* **Exercise**
Any picture in the data below should be skipped, while every line is repeated exactly.

Stored data:
■ ■ ■
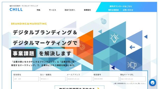 chill-web.com 2025-07-02 お気に入り0タイトル中小企業に特化したWEBサイト制作&デジタルマーケティング|CHILLトップページhttps://chill-web.com/言語日本語 (ja)国国情報がありませんCMSSTUDIOSTUDIO色白色表示速度3,375 msec ココナラでカスタマイズを探すWP-Searchは、Webサイトの公開情報から解析しています。100%正確な情報とは限りません。一部のプラグインは検出できず、検出精度の悪いプラグインもあります。負荷軽減のため一定期間キャッシュされています。
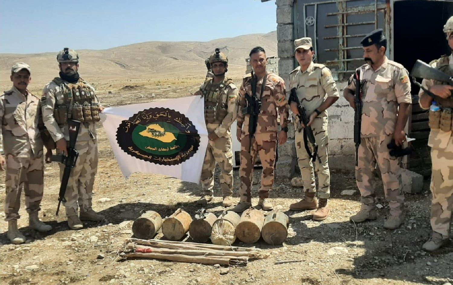 Iraqi forces pose with items seized during a raid on an ISIS hideout near Mount Qarachogh on August 17, 2021. Photo: handout/Security Media Cell
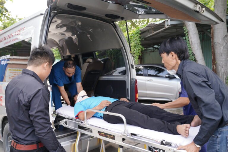 Phản ứng trong 5 phút – điều xe cứu thương đến tận nơi 24/7. Xe đạt chuẩn, có nhân viên y tế đi kèm, thiết bị cấp cứu đầy đủ.
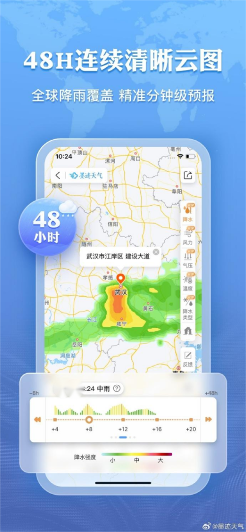 4月22日晚至24日,受高空槽、切变线和冷空气共同影响,广西中部地区将迎来中雨、局地暴雨,并伴有短时雷暴大风、冰雹等强对流天气。墨迹天气作为全球首个能够实现分钟级连续48小时降水预报的气象产品,完成2km网格/6分钟间隔的降水预告,实现全球范围内未来48小时下雨区域预报精准到分钟级;未来48小时雨云运动和发展趋势的高清平滑展示,通过多数据融合,将气象情况的参考数据量提升了15倍,递进式供给降水预报预警服务产品和建议。
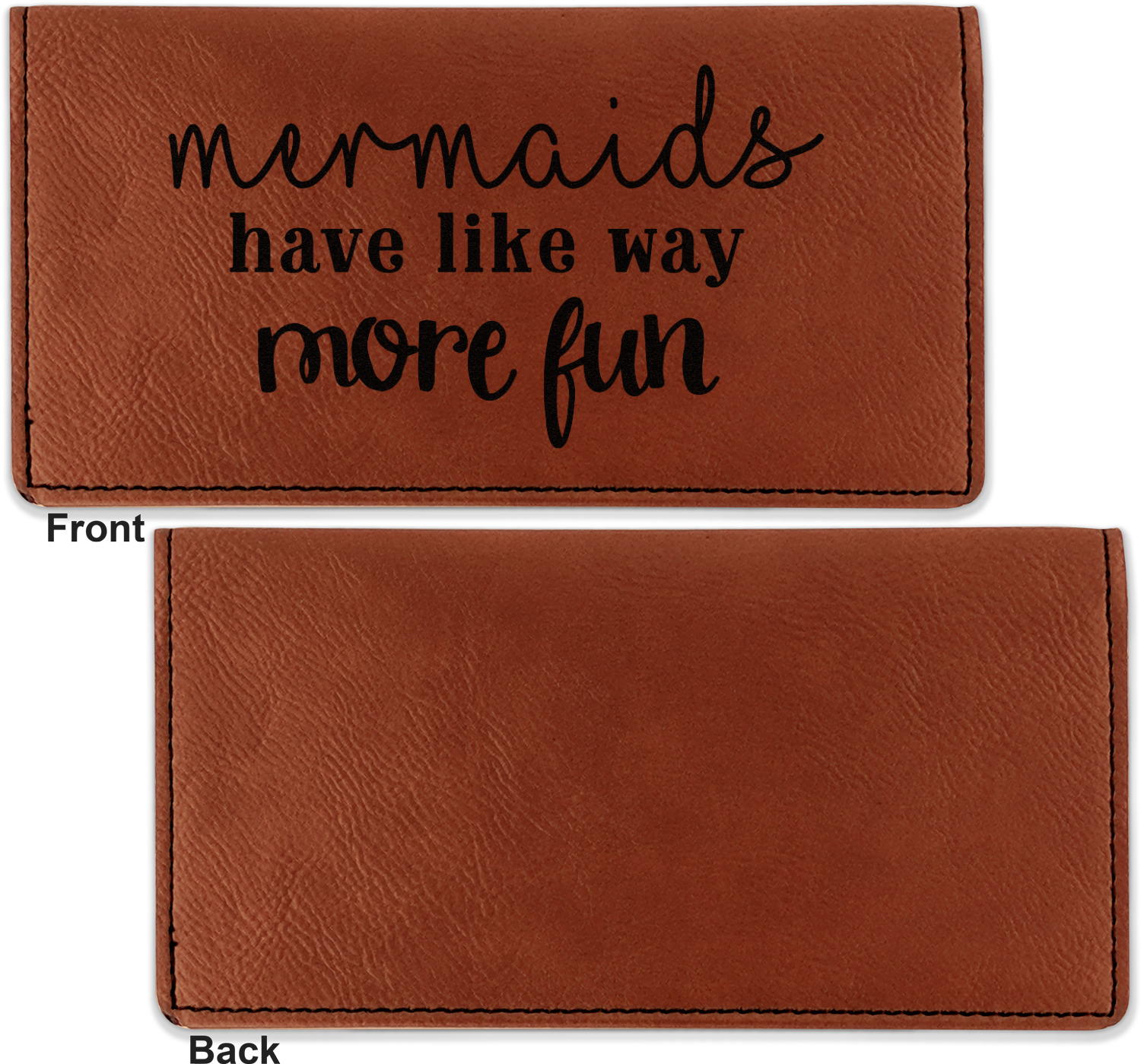 Go into our design center to start personalizing. Your checkbook cover will be laser engraved, making the graphic or text a black color. Choose a fun saying, monogram, or font to go on your checkbook cover. You have the opportunity to do it double or single sided.
■ ■ ■
* **Exercise result**
 chill-web.com 2025-07-02 お気に入り0タイトル中小企業に特化したWEBサイト制作&デジタルマーケティング|CHILLトップページhttps://chill-web.com/言語日本語 (ja)国国情報がありませんCMSSTUDIOSTUDIO色白色表示速度3,375 msec ココナラでカスタマイズを探すWP-Searchは、Webサイトの公開情報から解析しています。100%正確な情報とは限りません。一部のプラグインは検出できず、検出精度の悪いプラグインもあります。負荷軽減のため一定期間キャッシュされています。
 Iraqi forces pose with items seized during a raid on an ISIS hideout near Mount Qarachogh on August 17, 2021. Photo: handout/Security Media Cell
 Phản ứng trong 5 phút – điều xe cứu thương đến tận nơi 24/7. Xe đạt chuẩn, có nhân viên y tế đi kèm, thiết bị cấp cứu đầy đủ.
 4月22日晚至24日,受高空槽、切变线和冷空气共同影响,广西中部地区将迎来中雨、局地暴雨,并伴有短时雷暴大风、冰雹等强对流天气。墨迹天气作为全球首个能够实现分钟级连续48小时降水预报的气象产品,完成2km网格/6分钟间隔的降水预告,实现全球范围内未来48小时下雨区域预报精准到分钟级;未来48小时雨云运动和发展趋势的高清平滑展示,通过多数据融合,将气象情况的参考数据量提升了15倍,递进式供给降水预报预警服务产品和建议。
 Go into our design center to start personalizing. Your checkbook cover will be laser engraved, making the graphic or text a black color. Choose a fun saying, monogram, or font to go on your checkbook cover. You have the opportunity to do it double or single sided.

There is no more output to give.